Voici plusieurs mesures concrètes que les régimes de retraite canadiens peuvent commencer à prendre dès aujourd’hui :
- Renforcer la sensibilisation des conseils d’administration — le risque systémique est un enjeu de gouvernance, pas seulement un enjeu de placement. Les conseils d’administration doivent disposer des connaissances nécessaires pour comprendre si ces risques se rattachent à l’obligation fiduciaire, et comment, puis agir en conséquence.
- Intégrer les risques systémiques aux convictions de placement — énoncer formellement que les risques systémiques sont importants et pertinents au regard des obligations fiduciaires.
- Intégrer des considérations à l’échelle du système dans la sélection des gestionnaires — faire évoluer les évaluations ESG afin de demander explicitement aux gestionnaires comment ils repèrent, mesurent et gèrent les risques qui agissent à l’échelle du marché, et non seulement à l’échelle de l’entreprise.
- Faire évoluer l’intendance au-delà de l’échelle de l’entreprise — participer à des coalitions telles que les PRI, Business Future Pathways, Climate Engagement Canada, PRI Advance et d’autres, qui œuvrent à améliorer les résultats à l’échelle du système.

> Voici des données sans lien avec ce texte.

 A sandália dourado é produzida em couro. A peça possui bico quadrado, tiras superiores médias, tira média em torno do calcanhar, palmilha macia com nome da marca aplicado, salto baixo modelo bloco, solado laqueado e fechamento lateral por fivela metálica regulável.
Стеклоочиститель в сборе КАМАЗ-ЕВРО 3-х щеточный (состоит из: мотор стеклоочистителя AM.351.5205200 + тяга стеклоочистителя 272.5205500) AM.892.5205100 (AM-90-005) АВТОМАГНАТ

- Mener des activités de plaidoyer en matière de politiques publiques — mobiliser les organismes de réglementation, les autorités en valeurs mobilières et les normalisateurs au sujet de cadres tels que le Standard canadien de divulgation en matière de durabilité et le GTDFI.
Aller de l’avant
Pour les fonds de retraite canadiens, l’occasion est réelle et les outils s’améliorent. Les risques systémiques — du climat aux inégalités en passant par la fragmentation géopolitique — ne sont pas des préoccupations futures. Ce sont des réalités d’aujourd’hui. Les régimes de retraite qui développent la capacité de reconnaître, d’évaluer et de gérer ces risques en complément des approches de placement traditionnelles seront mieux placés pour protéger les rendements à long terme et s’acquitter de leurs obligations envers les membres.

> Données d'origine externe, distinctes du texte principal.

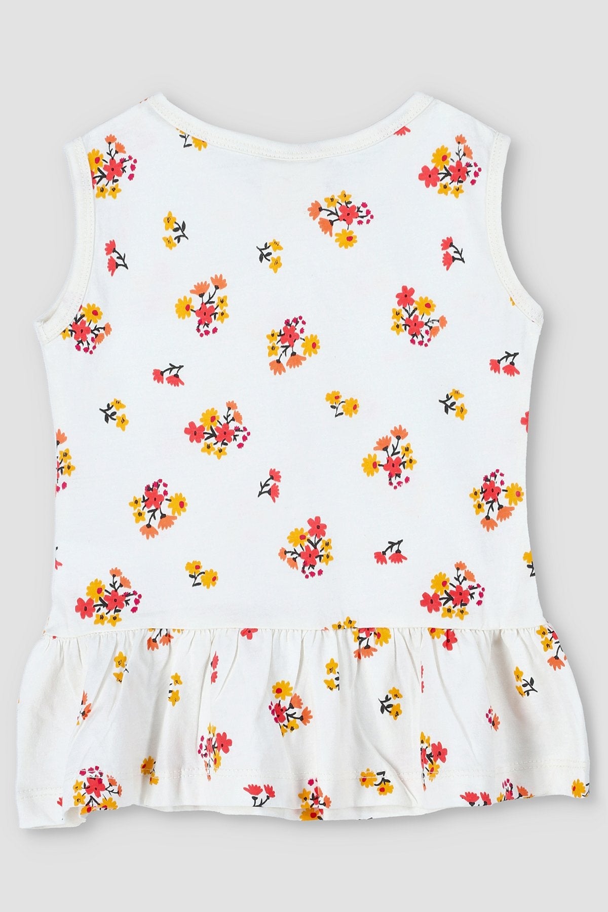 100% Cotton Jersey. Floral Printed Sleeveless Top With Crew Neck. Waist Gathers
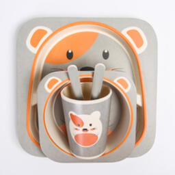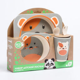 Набор бамбуковой посуды Крошка Я "Мышка", тарелка, миска, стакан, приборы, 5 предметов

Les systèmes dans lesquels les bénéficiaires de régimes de retraite prendront leur retraite sont façonnés par les décisions de placement prises aujourd’hui. Et les rendements générés par ces placements dépendent du maintien de la santé de ces systèmes. Les investisseurs à l’échelle du système comprennent cette dynamique et agissent en conséquence.
Rosalie Vendette
directrice, Quinn+Partners
Rosalie Vendette est responsable des services offerts aux propriétaires d’actifs chez Quinn+Partners. Experte en investissement durable, elle possède plus de vingt ans d’expérience à conseiller des propriétaires et des gestionnaires d’actifs afin de favoriser des changements durables et transformationnels. Elle a notamment accompagné les fonds de retraite de la Maple 8 au Canada, ainsi que des banques et des assureurs mondiaux, dans l’intégration des facteurs environnementaux, sociaux et de gouvernance (ESG) à la gouvernance, à la gestion du risque et à la création de valeur. Rosalie détient une certification en gouvernance climatique de l’Institut canadien du droit climatique et enseigne la finance durable aux étudiants du MBA exécutif (EMBA) HEC–McGill.
Jason Sukhram
directeur, Quinn+Partners

Jason Sukhram est directeur chez Quinn+Partners et dirige les services d’investissement responsable et d’investissement d’impact. Il cumule plus de 12 ans d’expérience à conseiller des clients de divers secteurs sur la façon de mobiliser les capitaux pour produire des résultats positifs et mesurables pour les personnes et la planète, tout en générant des rendements financiers. Jason détient un MBA ainsi qu’un diplôme en génie de l’Université de Toronto.